Mewling · 21/09/2025 07:57

Perhaps they should hand out awards for good breeders, OP. What do you think?

Mewling · 21/09/2025 07:59

Onegingerhead · 21/09/2025 07:44

Threads like this, along with those romanticised, rose-tinted tradwife posts, really creep me out.

It’s well known that in countries where women don’t have access to education or contraception, are expected by society to have lots of children, and basically don’t have many rights, the birth rate shoots up — often 5+ kids per woman on average.

Are we being slowly prepped here in the UK for women to have our rights stripped away “for the good of mankind”?

It’s fucking scary for anyone with daughters

I completely agree. There’s been a sharp increase in these sort of threads recently, too. I think they should be pushed back against, firmly, every time.

OldOrMaybeNotThatOld · 21/09/2025 08:00

anotherside · 21/09/2025 07:57

Another more minor factor is men. Men also face the same standards of living issues. And on top of that they see in the media multiple famous men becoming fathers (albeit usually not for the first time) right into their 60s. Why struggle financially being a dad in your 20s when you can do same in your 40s-50s (and in the meantime have fun with OLD)

I asked earlier and nobody responded. What do you think the impact of a male birth control pill would be on this problem?

DancefloorAcrobatics · 21/09/2025 08:00

I don't think it's a bad thing that birth rates are falling. The world is overpopulated, natural resources are diminished and societies are crumbling.

Plus, the original poster put all the nuance on women, but men and their behaviour towards women are also a factor.

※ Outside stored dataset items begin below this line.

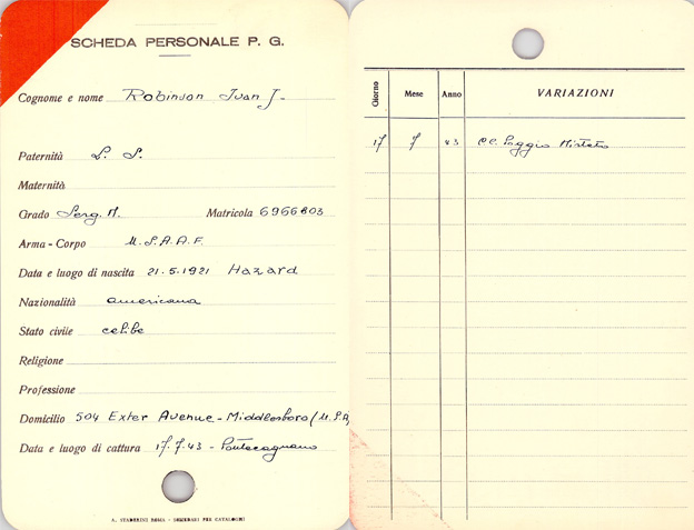 Data e luogo di cattura [Date and place of capture]: 17 July 1943 Pontcagnano [Pontcagnano Faiano, Salerno]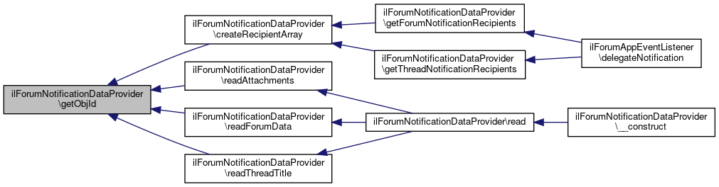 Here is the caller graph for this function:| ilForumNotificationDataProvider::getObjId | ( | ) |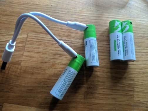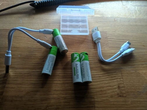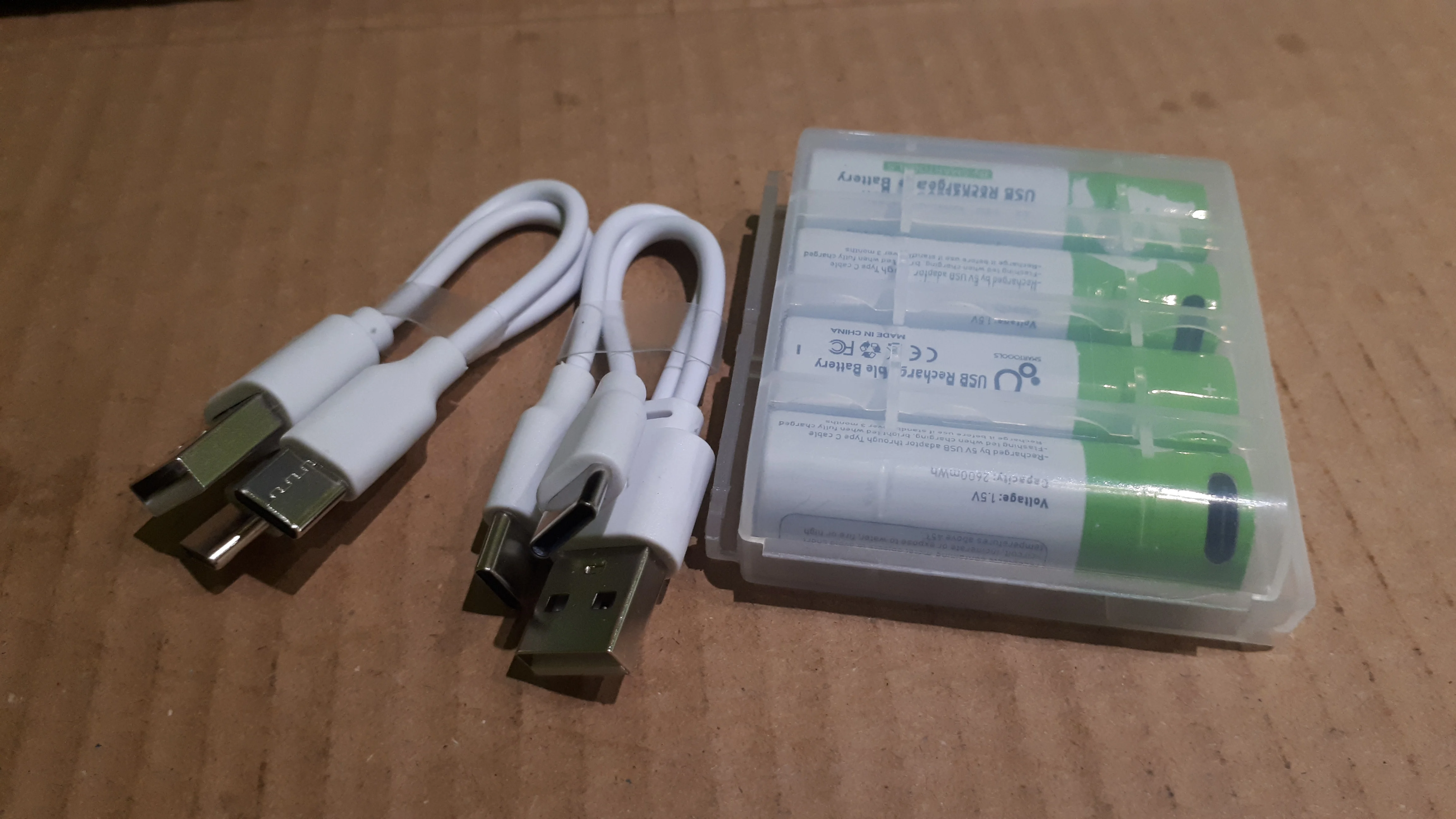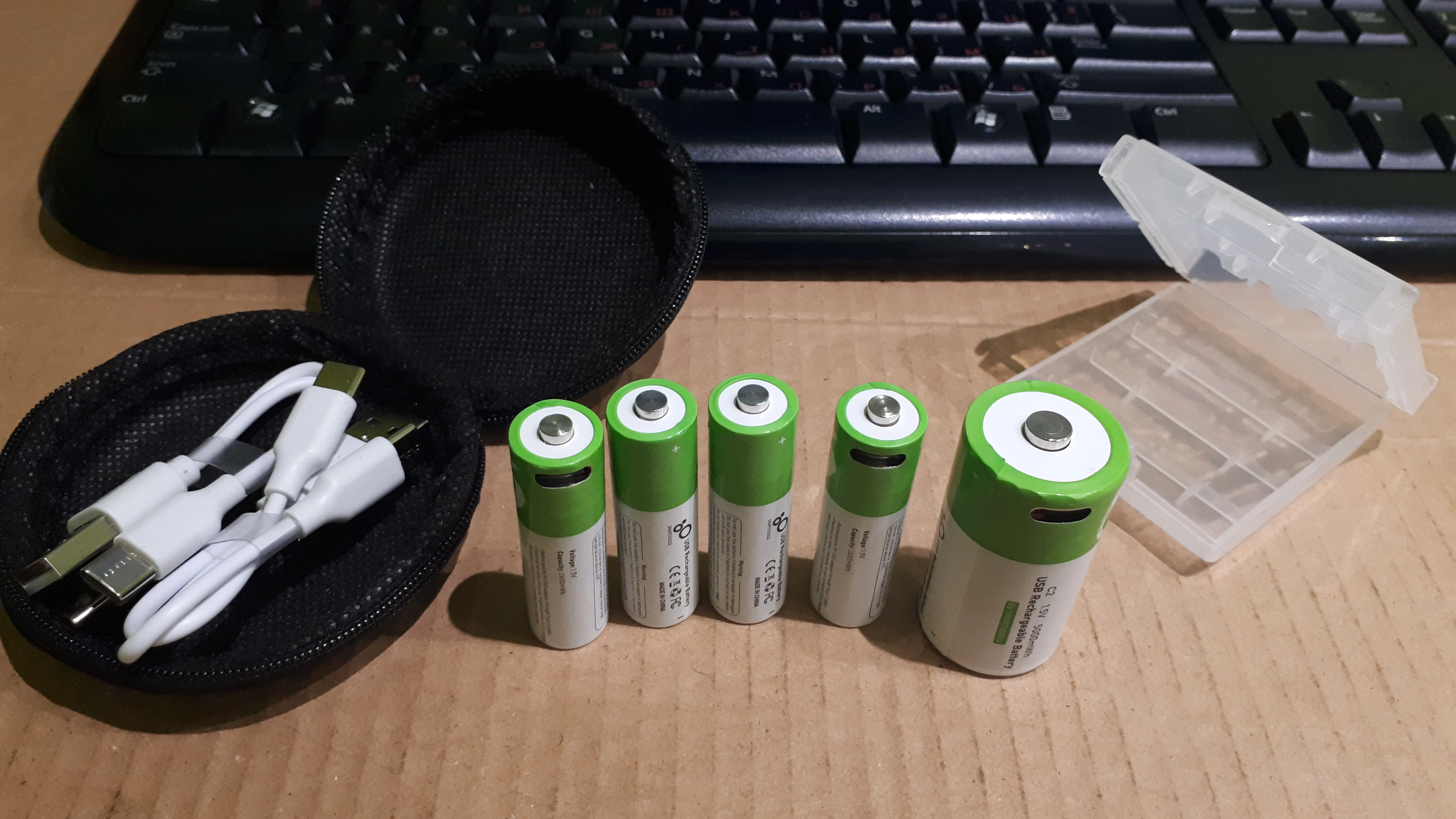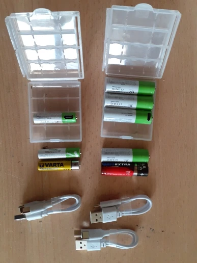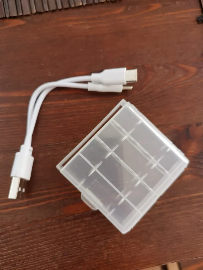 Получил второй пакет. 4 батарейки AA и 2 USB-C кабеля для зарядки. Я протестировал USB-C кабель и зарядку pinout является стандартным, поэтому я смог зарядить с ним 2 смартфона. Универсальный, очень хороший! Первый пакет с клавиатурой в течение 14 дней, и он все еще работает хорошо. Это намного лучше, чем NiMH bateries. Хороший продавец!

lemonraspberry · 21/09/2025 08:02

OldOrMaybeNotThatOld · 21/09/2025 07:56

Sub standard medical support may be a factor here but in developing countries where medical support is non existent women still have many children.
I think it’s more about education and opportunity’s for an alternative for women than anything else.

yes but developing countries rarely educate their women population and it is still a very traditional society where women are the home makers.

Compare it to the US which has the highest maternal mortality rates in a developed nation, add on the costs for medical care, and the 10-12 weeks unpaid maternity leave they get it really does not encourage women to have babies (despite Elon Musks objections!)

anotherside · 21/09/2025 08:02

I reckon within a few years the problem of low birth rates will be solved with artificial births anyway which will solve all economic/age imbalance issues.

The trade off however being that it will begin the slide into a dystopian hellhole where the creation of humans is outsourced by governments to big tech in order to serve economic demand… our genetic makeup will be molded to serve the job market, and then the stage after that will likely be experimentation with direct insertion of nano technology so that humans can be controlled at will throughout their lives. Yay!

OldOrMaybeNotThatOld · 21/09/2025 08:05

lemonraspberry · 21/09/2025 08:02

yes but developing countries rarely educate their women population and it is still a very traditional society where women are the home makers.

Compare it to the US which has the highest maternal mortality rates in a developed nation, add on the costs for medical care, and the 10-12 weeks unpaid maternity leave they get it really does not encourage women to have babies (despite Elon Musks objections!)

Exactly, it’s education. The more educated women are the less children they have medical support aside. Even in countries where medical support is top tier, birth rates are falling and probably faster than elsewhere because usually top tier medical support comes from a better educated society.